*** Opening DATA IN THIS EXERCISE ***

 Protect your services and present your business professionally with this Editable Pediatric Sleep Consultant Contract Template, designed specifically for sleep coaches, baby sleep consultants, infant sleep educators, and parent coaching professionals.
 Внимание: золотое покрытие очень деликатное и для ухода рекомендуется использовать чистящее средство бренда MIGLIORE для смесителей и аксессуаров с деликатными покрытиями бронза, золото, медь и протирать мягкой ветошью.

*** Closing DATA IN THIS EXERCISE ***
*** Opening DATA IN THIS EXERCISE ***

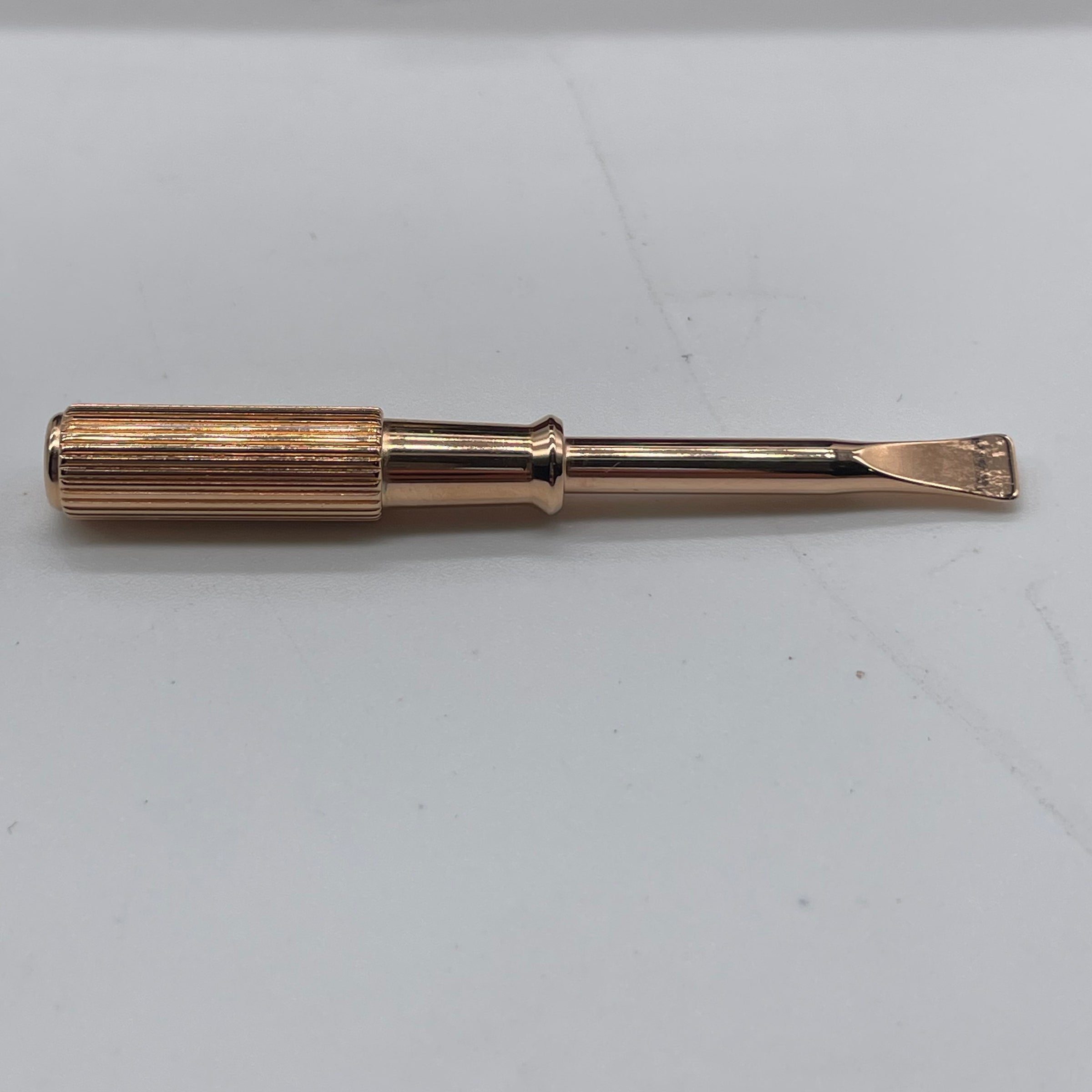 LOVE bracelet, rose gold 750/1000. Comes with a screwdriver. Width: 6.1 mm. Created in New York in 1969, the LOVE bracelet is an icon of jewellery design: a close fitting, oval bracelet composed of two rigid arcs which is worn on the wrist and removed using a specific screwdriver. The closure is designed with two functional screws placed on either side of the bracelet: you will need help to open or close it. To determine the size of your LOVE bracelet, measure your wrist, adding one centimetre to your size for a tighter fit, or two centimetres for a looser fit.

*** Closing DATA IN THIS EXERCISE ***
*** Opening DATA IN THIS EXERCISE ***

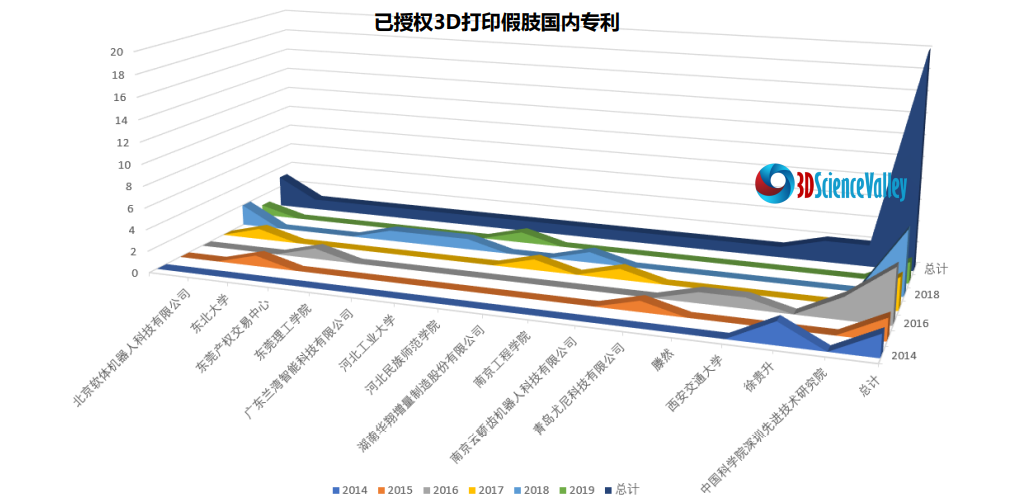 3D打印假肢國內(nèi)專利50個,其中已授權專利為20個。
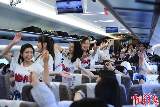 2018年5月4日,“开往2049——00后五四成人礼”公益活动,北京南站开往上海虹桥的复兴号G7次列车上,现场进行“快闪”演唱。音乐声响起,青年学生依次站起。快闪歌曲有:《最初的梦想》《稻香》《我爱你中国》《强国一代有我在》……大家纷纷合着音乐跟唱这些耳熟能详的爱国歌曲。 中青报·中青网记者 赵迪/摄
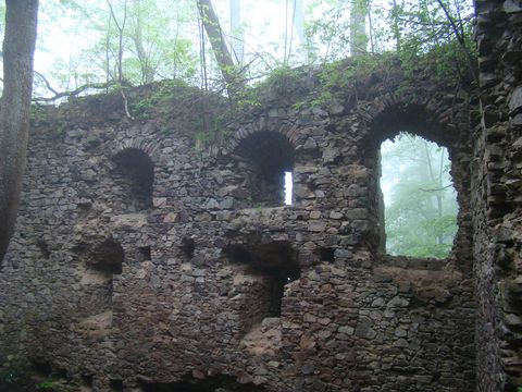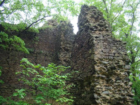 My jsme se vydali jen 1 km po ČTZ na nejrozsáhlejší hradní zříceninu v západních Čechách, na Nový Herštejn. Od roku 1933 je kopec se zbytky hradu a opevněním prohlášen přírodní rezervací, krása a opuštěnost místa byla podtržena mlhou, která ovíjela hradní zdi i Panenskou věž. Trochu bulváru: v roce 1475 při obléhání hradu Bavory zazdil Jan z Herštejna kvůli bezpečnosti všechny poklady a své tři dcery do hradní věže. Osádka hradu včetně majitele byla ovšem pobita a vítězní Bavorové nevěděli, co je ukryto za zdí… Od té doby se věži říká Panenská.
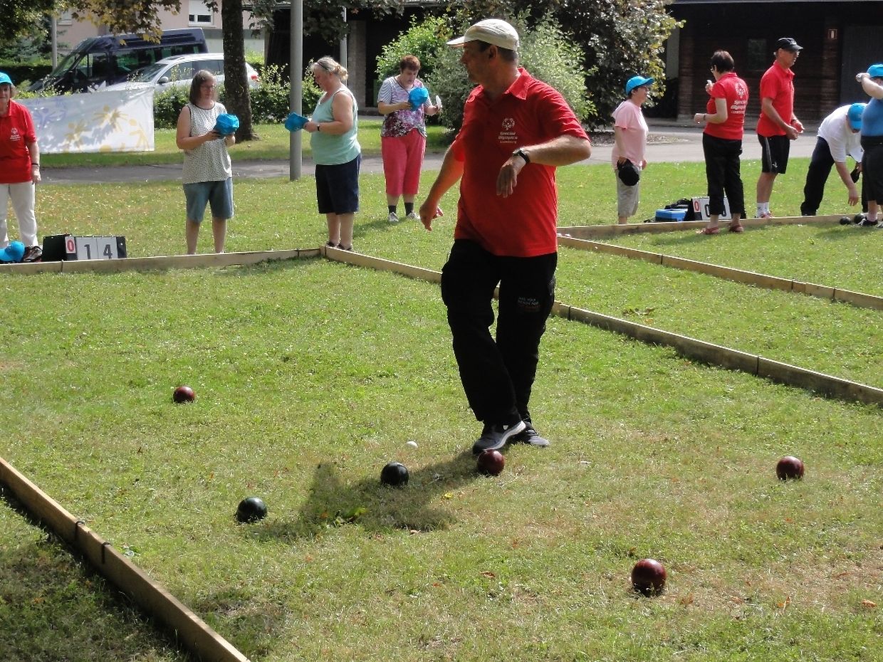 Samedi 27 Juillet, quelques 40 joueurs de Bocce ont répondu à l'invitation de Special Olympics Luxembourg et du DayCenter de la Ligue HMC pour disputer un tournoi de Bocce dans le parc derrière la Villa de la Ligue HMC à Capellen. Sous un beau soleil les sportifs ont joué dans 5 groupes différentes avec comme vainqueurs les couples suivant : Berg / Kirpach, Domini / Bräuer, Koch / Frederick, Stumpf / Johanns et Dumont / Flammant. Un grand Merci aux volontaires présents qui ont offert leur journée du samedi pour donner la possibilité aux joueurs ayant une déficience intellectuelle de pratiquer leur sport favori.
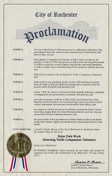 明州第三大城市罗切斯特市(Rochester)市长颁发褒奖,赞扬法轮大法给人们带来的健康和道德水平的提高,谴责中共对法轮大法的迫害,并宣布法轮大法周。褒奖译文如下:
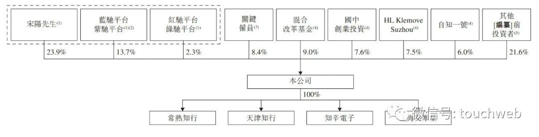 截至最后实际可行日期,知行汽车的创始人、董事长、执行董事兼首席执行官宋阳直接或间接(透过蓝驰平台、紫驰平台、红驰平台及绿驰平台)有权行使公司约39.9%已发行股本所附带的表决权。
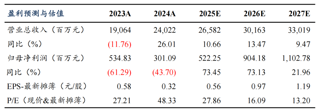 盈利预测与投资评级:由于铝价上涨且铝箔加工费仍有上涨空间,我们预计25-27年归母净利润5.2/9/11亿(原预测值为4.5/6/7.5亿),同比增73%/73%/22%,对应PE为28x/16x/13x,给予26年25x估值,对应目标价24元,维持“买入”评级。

*** Closing DATA IN THIS EXERCISE ***

* [TASK GOAL]:
Nothing but the lines above, starting at the line that contains "截至最后实际可行日期,知行汽" and ending at the line that contains "盈利预测与投资评级:由于铝价", should be given again, exactly and without the pictures.

* [RESPONSE AREA]:
 截至最后实际可行日期,知行汽车的创始人、董事长、执行董事兼首席执行官宋阳直接或间接(透过蓝驰平台、紫驰平台、红驰平台及绿驰平台)有权行使公司约39.9%已发行股本所附带的表决权。
 盈利预测与投资评级:由于铝价上涨且铝箔加工费仍有上涨空间,我们预计25-27年归母净利润5.2/9/11亿(原预测值为4.5/6/7.5亿),同比增73%/73%/22%,对应PE为28x/16x/13x,给予26年25x估值,对应目标价24元,维持“买入”评级。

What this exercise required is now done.